My reading is that if run serially the second function call
results in a select returning zero records (exists returns true,
then not-ed to a constant false in the where clause) and thus no
insert is attempted and thus no duplicate key error - the record
from the first transaction remains as-is and the second is
effectively a no-op.

So the fact the serializable versions fails is correct but it
fails "incorrectly" since a serial execution could never fail
with a duplicate key error.  Thus neither a possible unspecified
serial order result (dup being an impossible one) nor a
serialization error occurred which is contrary to the guarantee
that you state.

Now, the fact is the serialization case correctly fails but from
an API perspective immediate retry makes no sense for duplicate
key failure while it does for serialization failure.
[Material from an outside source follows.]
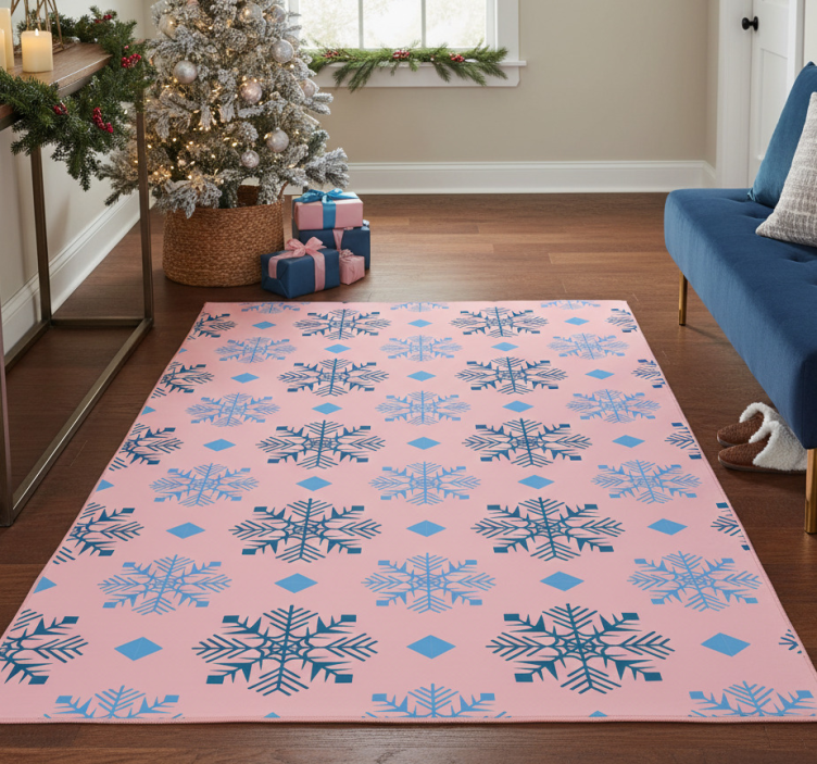Christmas vinyl rug in pink and blue snowflakes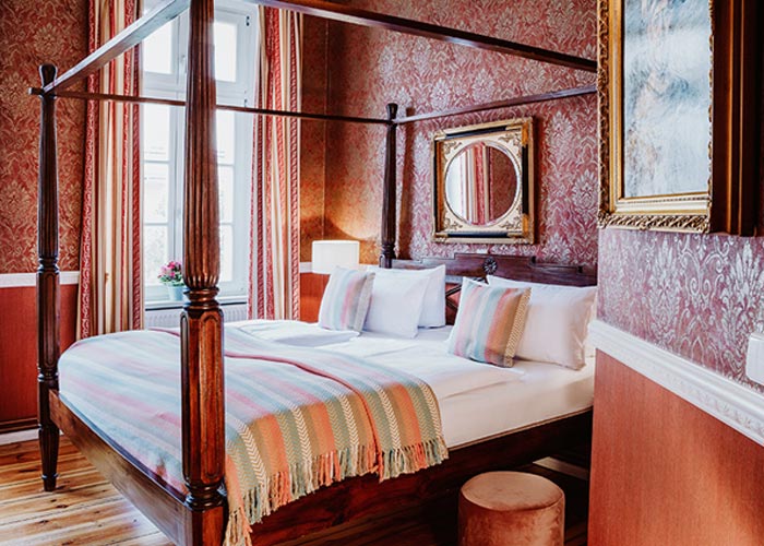 Romantische Zweisamkeit lässt sich in unseren Doppelzimmern, teilweise mit Himmelbett ausgestattet, genießen. Hier vergisst man schnell den hektischen Alltag. Je nach Wunsch sind die Zimmer mit Duschbad oder Badewanne verfügbar.

This issue has been noted in the literature since at least 2007[1]http://www.vldb.org/conf/2007/papers/industrial/p1263-jorwekar.pdf Automating the Detection of Snapshot Isolation Anomalies by Sudhir Jorwekar, Krithi Ramamritham, Alan Fekete, S. Sudarshan VLDB ‘07, September 23-28, 2007, Vienna, Austria..
In the static code analysis of academic and financial systems at
Indian Institute of Technology Bombay which had been relying on
snapshot isolation for transactional integrity they initially
flagged many possible sources of data corruption from serialization
failure which turned out not to actually be possible due to primary
keys, unique indexes, or foreign keys.  After considering such
issues they were left with only two real risks in each of the
systems, and were only able to find actual data corruption of one
of those in each system.

If there were a cheap and reliable way to turn violations of these
constraints into serialization failures where appropriate, I agree
that it would be better to do so.  I have not been able to see any
way to do that, but am all ears if anyone else has an idea.  (Note
the constraints of cheap and reliable; we could allow the SSI
mechanism to generate SIReadLocks during constraint enforcement,
but it's not clear that it would always find a serialization error
before the constraint caused an error, and the overhead might be
significant.)

The actual guarantee provided is more like: "The behavior of any
set of successfully committed concurrent serializable transactions
will be consistent with some unspecified serial order of execution
of those transactions."  Constraints may terminate a transaction
before the serializable snaphsot isolation mechanism is able to
recognize a problem and cancel a transaction with a different
SQLSTATE, but the guarantee should prevent any serialization
anomalies from appearing in the database.  It does present a
challenge in terms of knowing whether a constraint validation like
"duplicate key" indicates a situation which can be automatically
re-tried.  If that is of paramount importance one could implement
the logic for preventing duplicate keys or enforcing foreign keys
in triggers using serializable transactions, but that would come
with a heavy price in both maintenance effort and performance.

--
Kevin Grittner
EDB: http://www.enterprisedb.com
The Enterprise PostgreSQL Company

[1]: http://www.vldb.org/conf/2007/papers/industrial/p1263-jorwekar.pdf Automating the Detection of Snapshot Isolation Anomalies by Sudhir Jorwekar, Krithi Ramamritham, Alan Fekete, S. Sudarshan VLDB ‘07, September 23-28, 2007, Vienna, Austria.
Automating the Detection of Snapshot Isolation Anomalies
by Sudhir Jorwekar, Krithi Ramamritham, Alan Fekete, S. Sudarshan
VLDB ‘07, September 23-28, 2007, Vienna, Austria.